Here is my running summary of this debate, with only mild editorizing:
>From:    [email protected] (Alan Hannan)

  I believe DIGEX should be congratulated on their forward exploration
  of technology.  Their creative solutions to problems like this are the
  spirit that will sustain the Internet.

  DWDM and huge fiber builds will get us part of the way to handling
  internet growth, but we need to find ways to utilize upper-layer 
  tweaks to do more with less.

---
>From:    andrew khoo <[email protected]>

more aggressive caching techniques would necessitate that the tags be
ignored anyway, and the "dynamic" content would still be cached. expires
etc are only useful if the caching box decides to honour them.

some of the content providers in the US would turn over in their graves if
they knew what people who pay heaps more $$$ for traffic are doing to
their web sites :). we have done some funky stuff with content (read:
caching of dynamic pages, even .asps, "tokenized" HTML, dropping realaudio
UDP etc etc etc).

---  (I'm stilling waiting for the first successful copyright lawsuit
in Australia because the cache isn't honoring expire headers or modifying
the data)

>From:    "Sean M. Doran" <[email protected]>
Let them turn.  The easy fix for them is to duplicate their
content elsewhere in the world, so they can control it themselves,
and reduce the need for caching by operators like you.

        Sean.

>From:    Paul Vixie <[email protected]>
And I wanted to give one thing Sean said more air time so folks won't just
gloss over it:
...
>
> That is, a cache which imposes decent long-haul TCP behaviour
> reduces the number of packets which are delivered all the way 
> from the web server to the terminal server but tail-dropped there
> rather than being delivered to the end user.

This is rather important, both because the stacks used in last-mile devices
(such as the Microsoft Program Loader) are not very modern, and because HTTP
persistent connections end up not being very helpful until they are aggregated
across multiple last-mile devices.
---
>From:    Patrick McManus <[email protected]>
In a previous episode Michael Dillon said...

:: [...] Caching is a temporary hack that provides some limited
:: benefit at the moment but the need for it is fading except in areas that
:: are a couple of years behind in bandwidth deployment.

I can't believe you said that.

Heirarchical caching reduces latency and increases availability _in
addition to_ conserving bandwidth. Those (particularly the second)
will remain critically important features no matter if you're traversing
a 512k line or OC48...

---
>From:    Pushpendra Mohta <[email protected]>

No amount of capacity upgrades will obviate the need for an intelligent
architecture for content distribution on the net.

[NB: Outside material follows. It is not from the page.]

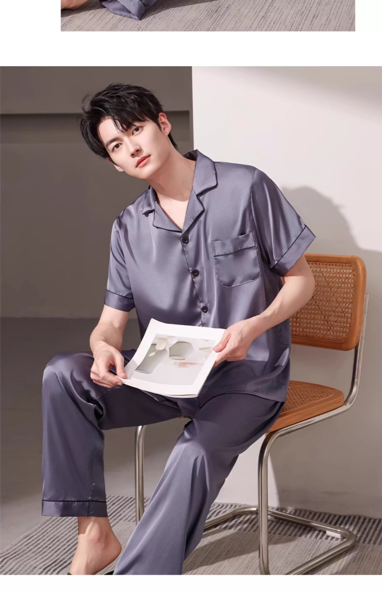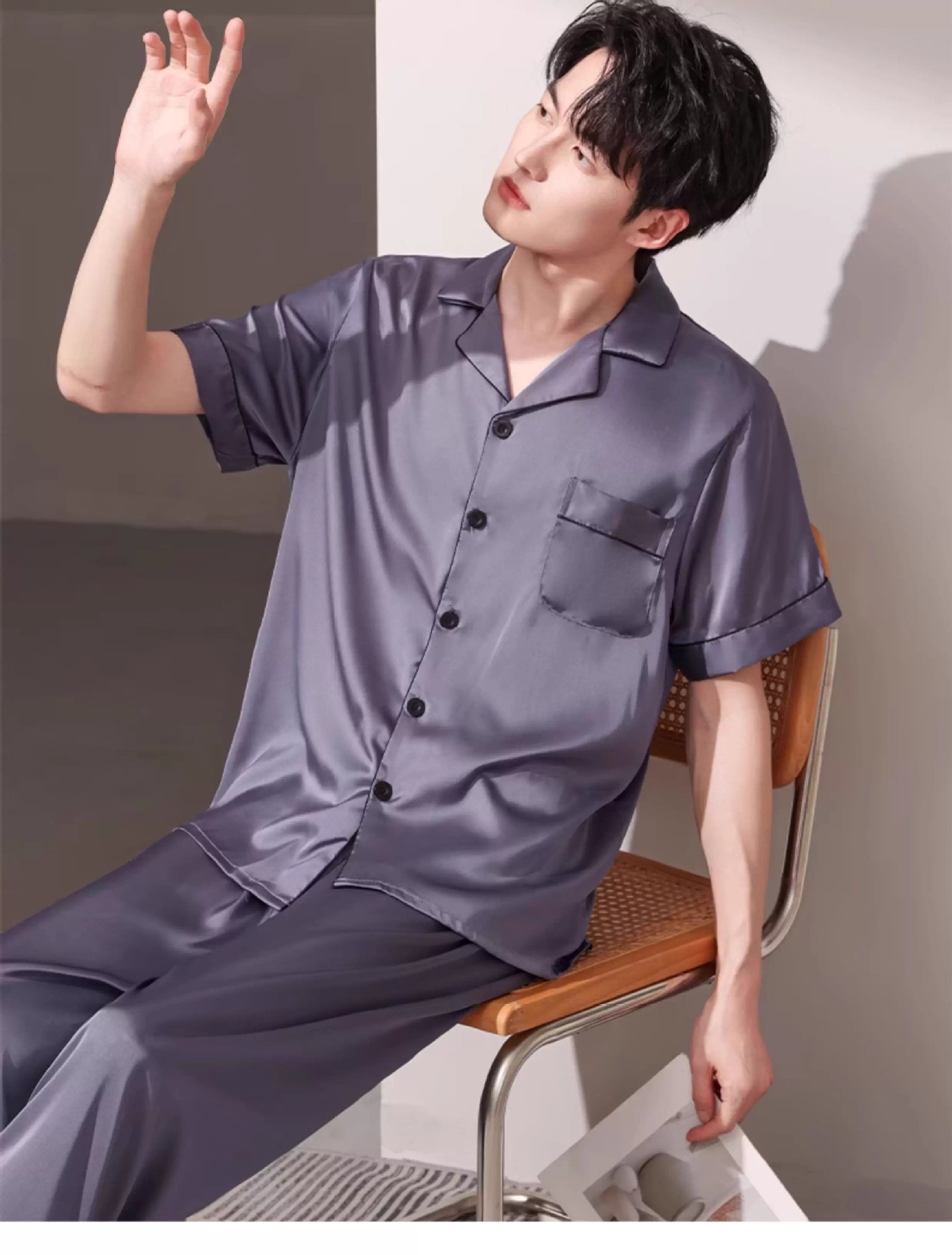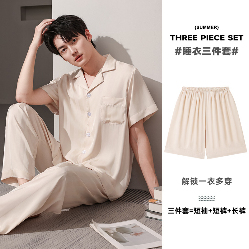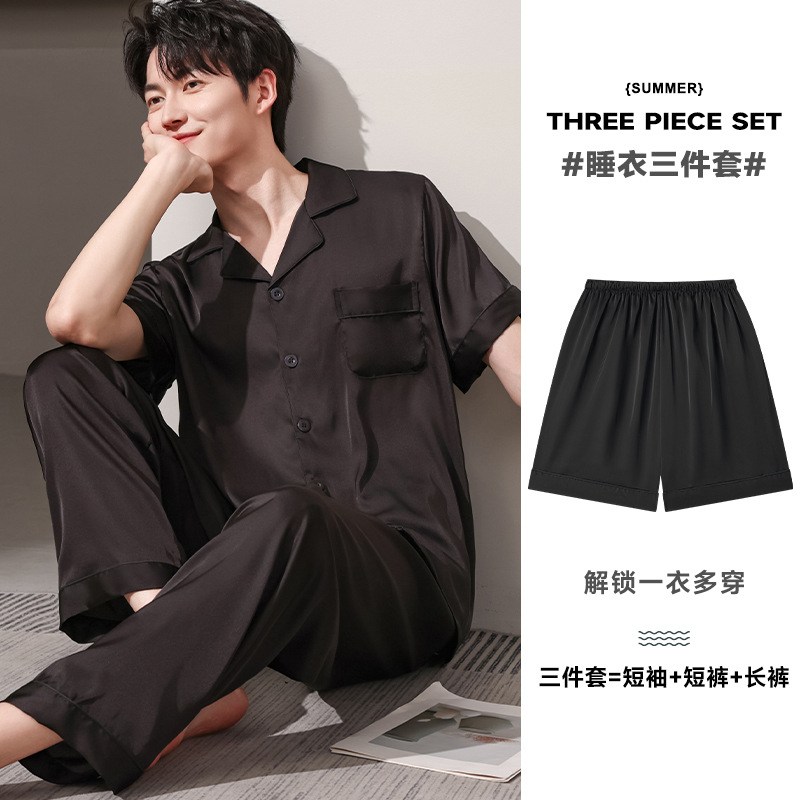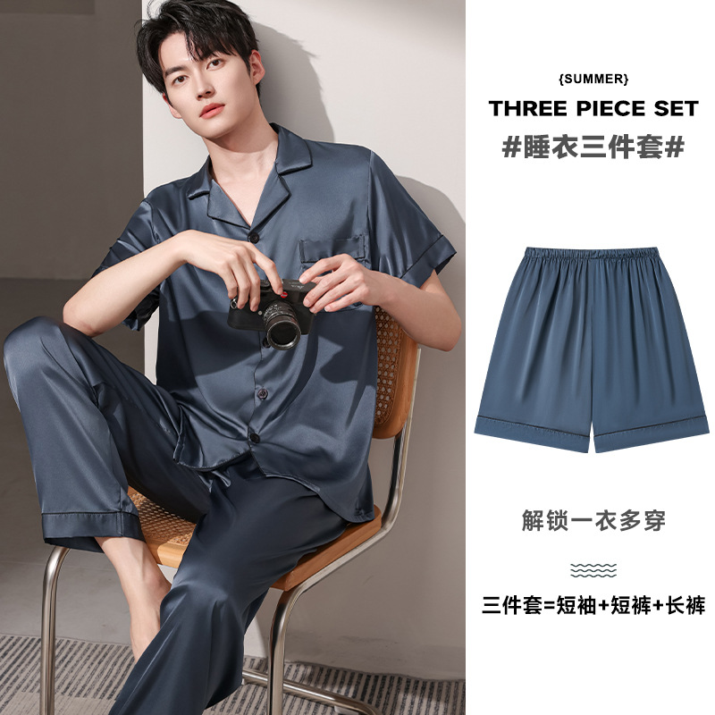 새로운 남성 잠옷 여름 얇은 얼음 실크 반팔 반바지 바지 3 피스 세트 시뮬레이션 실크 대형 홈웨어스토어 가기

Utilization will
explode to consume all bandwidth available and in the absence of an
elegant architecture will do so rather wastefully.

Most sites on the web are currently misdeployed/incorrectly-located
on the network. Techniques that prevents unwarranted replication 
of data and bring the content to the user rather than the user to
the content will bring about more efficient use of bandwidth while
increasing performance for all users. These need to be complemented
with techniques to address the concerns of other constituents, like
marketeers.
 
--pushpendra
---
>From:    Jon Lewis <[email protected]>

Actually, I thought I was the loud one complaining.  I'm not a Digex
competitor either...I'm the Digex customer that started this thread.
---  (Your comments did not compare in volume or tone to some made by
Digex's competitors, it would seem a good number of people felt you have
a reasonable complaint about notfication but were to polite to rummage
through Digex's dirty laundry in this forum.)

>From:    John Fraizer <[email protected]>

Horse-hockey.  Purchasing the proper amount of bandwidth from your upstream
and your upstream implementing the facilities to deliver that bandwidth is
what is necessary to scale the internet into the future.  Over-allocation
is bad enough on the dialup-ISP side of the equation without backbone
providers doing the same thing.  If your backbone provider doesn't have the
capacity to deliver what they have sole to you, it's time to contact two
entities: Your lawyer and another backbone provider.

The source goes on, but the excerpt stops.